\section{Method}
Our study involved creating a dataset comprising 27,776 unlabeled vertebra crops (refer to section Experimental Setup \ref{sec:experimental_setup} for more details). However, it's noteworthy that our dataset's volume is still small when compared to extensive datasets like ImageNet \citep{deng2009imagenet} and Kinetics-700 \citep{carreira2019short}. Transformer-based models typically necessitate training on expansive datasets \citep{li2023transforming}, prompting our approach to leverage transfer learning already in the pretraining stage. Specifically, we explore using pretrained weights from data-rich domains to boost self-supervised pretraining for our vertebra CT data.  Initializing CT models with ImageNet weights appears suboptimal, as they lack the capacity to capture crucial 3D details present in CT volumes but absent in 2D images. Therefore, we are focusing on using weights pretrained in the video domain. Videos, embodying 3D spatiotemporal data, present a closer alignment with the characteristics of CT volumes, potentially offering a more effective foundation for our research.

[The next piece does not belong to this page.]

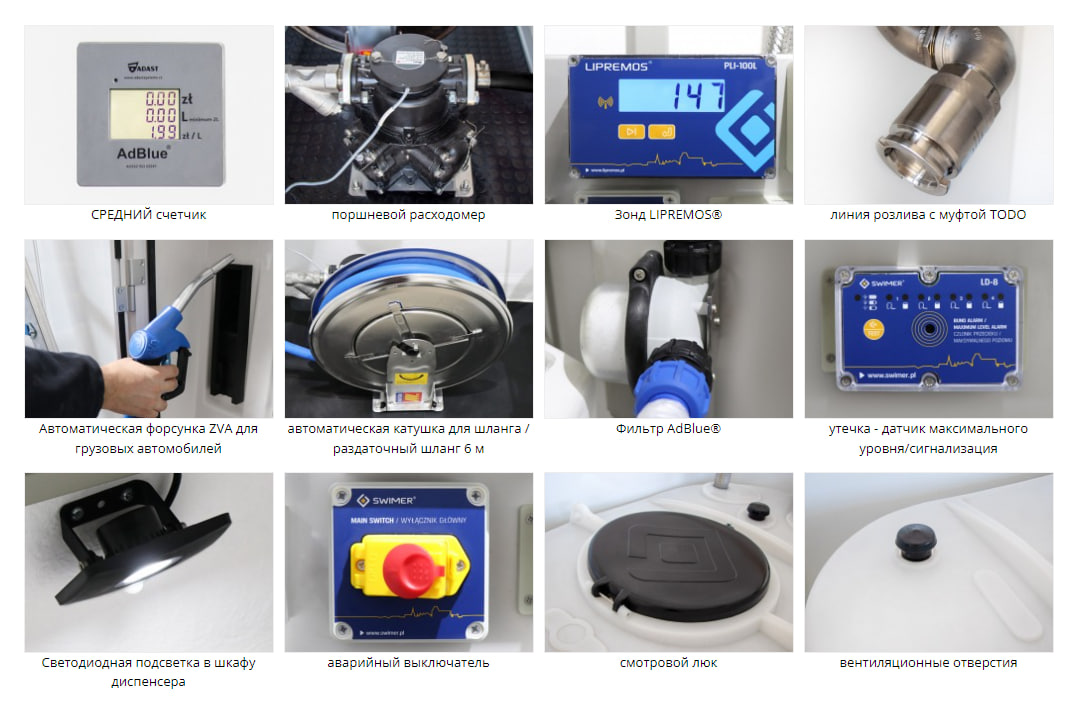 Изготовлен из многослойного ламината на основе полиэфирных смол сэндвич-панелей. Контейнеры оснащены встроенными или внешними легализованными дозаторами MID, которые позволяют продавать AdBlue® в розницу. Доступны также контейнеры для хранения с возможностью подключения внешнего автономного дозатора.

Our video-CT domain adaptation method comprises three steps (see \figureref{fig:method_overview}). First, we employ weights from self-supervised pretraining on the Kinetics-700 video dataset, using video MAE pretraining \citep{feichtenhofer2022masked}, to establish our foundation model.  The second, domain adaptation step, involves adapting these weights for vertebra CT data by pretraining on an unlabeled vertebra dataset, enhancing model alignment with the CT domain. Finally, we apply these adapted weights to vertebra fracture classification, finetuning the encoder with a labeled dataset.

% Method Overview Figure
\begin{figure}[!htb]
\floatconts
  {fig:method_overview}
  {\caption{Overview Self-supervised Video-CT Domain Adaptation: 1) video MAE pretraining on the Kinetics-700 dataset 1)-2) positional encoding cropping to initialize domain-specific vertebra CT pretraining 2) domain-specific vertebra MAE pretraining on unlabeled vertebra CT dataset 3) downstream task finetuning}}
  {\includegraphics[width=1.0\linewidth]{chapters_209/images_209/method_overview_gap_209.png}}
\end{figure}

\paragraph{Video MAE for CT Vertebra Data}
Our approach features two self-supervised pretraining stages, both leveraging the video MAE method \citep{feichtenhofer2022masked}. To align the original $96 \times 96 \times 96$ dimensions of vertebra CT volumes with the $16 \times 224 \times 224$ video format from the Kinetics-700 dataset, we select 16 equidistant sagittal slices from the vertebra volume. We use sagittal slices due to their diagnostic relevance in vertebral fracture detection, as they provide crucial information for accurate assessments in this context.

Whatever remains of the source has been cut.